MONARCH BUTTERFLIES: they are identifiable by any school child. And they are common as robins and daisies, right? Not necessarily. Don’t take anything beautiful for granted.

Scientists have documented a 90% decline in numbers of this iconic species since the mid-1990s. Part of this is because of over-use of herbicides on farms, yards, and roadsides that kill the monarch caterpillar’s only food source. Maybe this beautiful plant, an essential part of our ecosystem, suffers just from having the word “weed” as part of its name.

Monarch butterflies migrate annually thousands of miles from food and milkweed host-plants sources in North America as far north as the Canadian border, to their winter gathering grounds in the southern Mexican state of Michuacan. See a map I made of the Monarch migration routes.
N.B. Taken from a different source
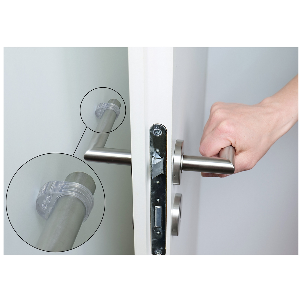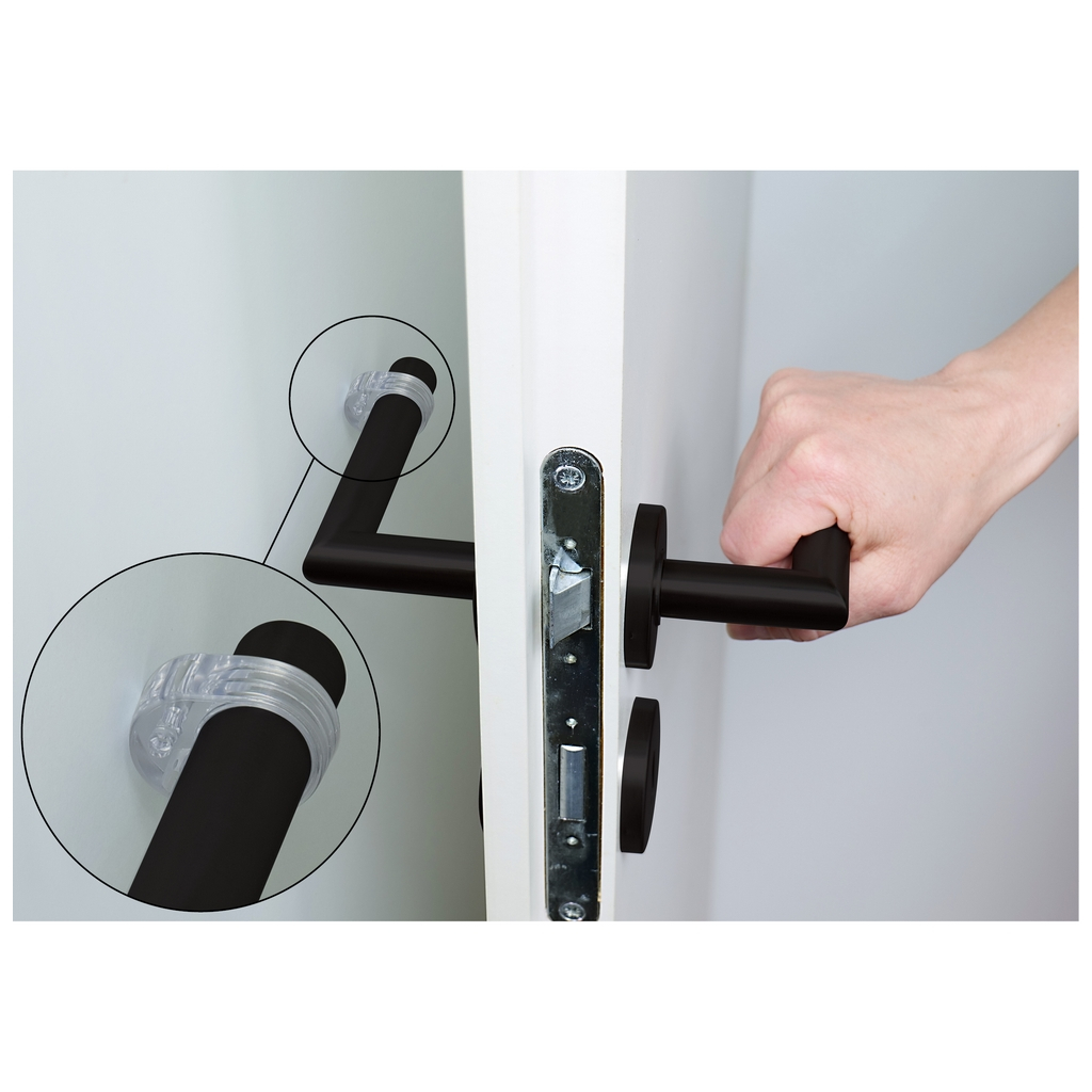 Tieto jednoduché zarážky ochránia vaše kľučky a zvyšok interiéru pred vzájomnými nárazmi. Vyrobené sú z pružného PVC a ich použitie je jednoduché - stačí krúžok navliecť na kľučku a presahujúcu časť otočiť smerom od dverí.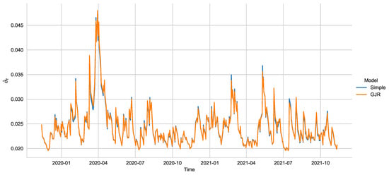 As an illustration of these features, we consider Grupo México for which the ARCH test reports a p-value of solidly rejecting the absence of heteroscedasticity. Fitting the GJR-GARCH, we obtain a p-value of 0.7664 for the Sign-Bias test, 0.5741 for the Negative Sign-Bias test, 0.4870 for the Positive Sign-Bias test and, finally, 0.6880 for the Joint Effect Sign-Bias test. All these results indicate that the series is actually better modelled by a symmetric GARCH process, from an econometric standpoint. Nonetheless, the quasi-maximum-likelihood estimation being consistent, the estimated variances are virtually indistinguishable. Figure 1 shows the estimated variances under two models: The GJR-GARCH with skewed t innovations and the simple GARCH model with normally distributed errors. All diagnostics point to the second as the better model.

The idea behind the poster design is to connect monarchs with milkweeds in the minds of people from government officials, to farmers, to people maintaining their yards, to school kids. Monarchs don’t just fly around on their own, unconnected to anything else. They are connected to everything, especially to milkweeds. Monarchs and Milkweeds have one of nature’s long-term relationships.

By protecting stands of Milkweeds from over-spraying, and also planting them in designated safe places, we can restore this link in the butterfly life cycle.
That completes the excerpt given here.